Settlement Agreement to assume the risk that his belief about the matter in question might be mistaken.
[65] Darrell says that at the time of the settlement he believed that the value of the Property was at least $2,580,000 as per the Seagars Valuation and that this belief was mistaken because the actual value was substantially less.
[66] The Court of Appeal has confirmed in Weine v Tadd Management Ltd that a mistaken belief excludes cases where the parties are aware that the factual situation is uncertain and information imperfect.12 I consider that this case falls squarely within this exception. The Seagars Valuation was provided on the clear assumption that the house was weathertight.
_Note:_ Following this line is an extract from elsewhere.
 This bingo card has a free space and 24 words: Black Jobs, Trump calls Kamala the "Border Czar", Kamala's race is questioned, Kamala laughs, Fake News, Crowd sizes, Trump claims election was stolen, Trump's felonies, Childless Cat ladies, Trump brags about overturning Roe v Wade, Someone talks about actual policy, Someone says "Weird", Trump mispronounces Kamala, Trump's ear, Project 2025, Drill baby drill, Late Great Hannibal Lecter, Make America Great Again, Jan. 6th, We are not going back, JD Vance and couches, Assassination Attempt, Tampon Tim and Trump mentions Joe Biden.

That assumption then became uncertain after the Building Report raised weathertightness as a high risk, considering that it was more likely than not that the cladding will leak if it is not detailed more effectively. The Building Report recommended the exterior envelope be further investigated by a weathertightness specialist. That did not happen.
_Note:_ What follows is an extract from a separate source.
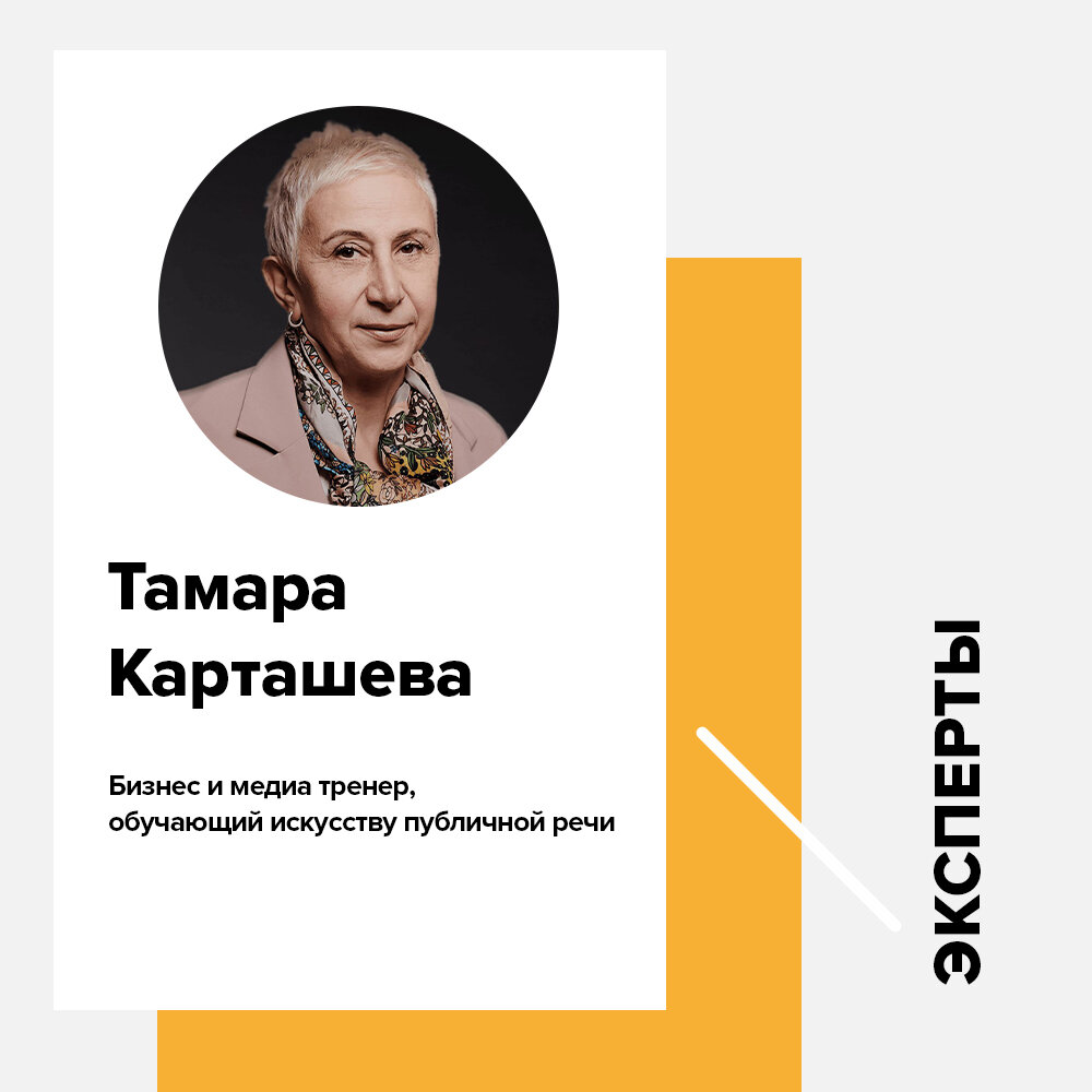 Знакомьтесь, Тамара Карташева ― бизнес- и медиатренер, репортер с большим опытом работы в СМИ, поэтому знает толк в искусстве публичной речи.

[67] At the time of the settlement, Darrell therefore knew about the Building Report and he admitted that he received legal advice about the Building Report. He accepted under cross-examination that in relation to the weathertightness issues as identified in the Building Report he “didn’t know the situation. We had, had no information.” Darrell also knew that there was the possibility that repairs could be significant and expensive. In those circumstances, he knew the weathertightness of the house was uncertain and the information imperfect. Further information would be required by a weathertightness expert before there was any certainty. The Seagars Valuation was therefore provided based on an assumption that was uncertain. That cannot therefore give rise to a mistaken belief that the Seagars Valuation was an accurate valuation as at the date of the Settlement Agreement which was some seven months after the valuation and when Darrell was aware of the findings of the Building Report.
[68] I am not therefore satisfied that Darrell has established there was a mistaken belief.
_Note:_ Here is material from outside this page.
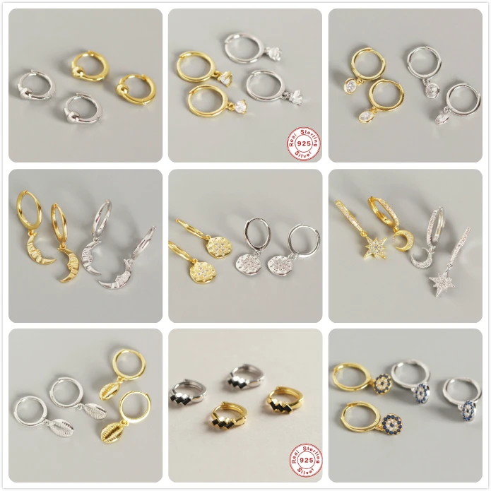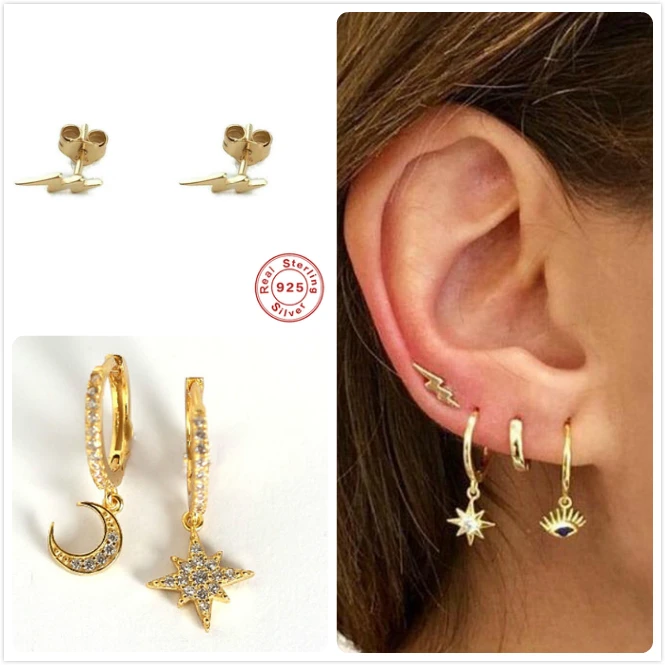 описание продуктаСерьги из стерлингового серебра 925 пробы для Чехол женский кулон серьги-кольца серьги на кость уха серьги на подарок девочке Злой Глаз Звезда Луна aretes B5

12 Weine (as trustees of the Ruth Weine Family Trust) v Tadd Management Ltd [2024] NZCA 323, [2024] NZCCLR 529 at [53].
[69] Further, cl 24.3 of the Settlement Agreement indicates that Darrell entered into it accepting the risk that he may discover facts that he did not know at that time (which would include the fact that weathertightness issues may in fact require repairs that are significant and expensive, which in turn may impact the value of the Property). That is a risk he assumed.
[70] The Court cannot ignore the Court of Appeal’s decision in Weine and craft relief that Darrell is not entitled to receive. In the absence of a mistaken belief, the Court cannot grant Darrell the relief he seeks under the Act.
Result
[71] For the reasons stated above, I find that Darrell has breached the Settlement Agreement and I therefore order specific performance requiring Darrell to comply with the following implied term:
(a)If the Property is not sold by way of auction, Rebecca and Darrell must use all reasonable endeavours to obtain the best obtainable price for the Property through a sale method on advice from Barfoot and Thompson; and
(b)The parties agree that the best obtainable price may be less than
$2,600,000.
[72] Leave is granted for either party to apply to the Court on five working days’ notice for any resolution of a dispute in relation to the above order including, if necessary, any orders as to the timing of payment of any shortfall.
[73] I decline to grant interest pursuant to ss 9, 20 or 22 of the Interest on Money Claims Act 2016 as I have not made any orders that require Darrell to pay money to Rebecca.
[74] I decline to grant any relief to Darrell under the Contract and Commercial Law Act 2017.
Costs
[75] Rebecca has been successful in her claim. My preliminary view is that she is entitled to costs. If the parties are unable to agree costs, Rebecca is to file a costs memorandum within 15 working days of the date of this judgment and Darrell is to file a cost memorandum within a further ten working days thereafter. The issue of costs will then be dealt with on the papers.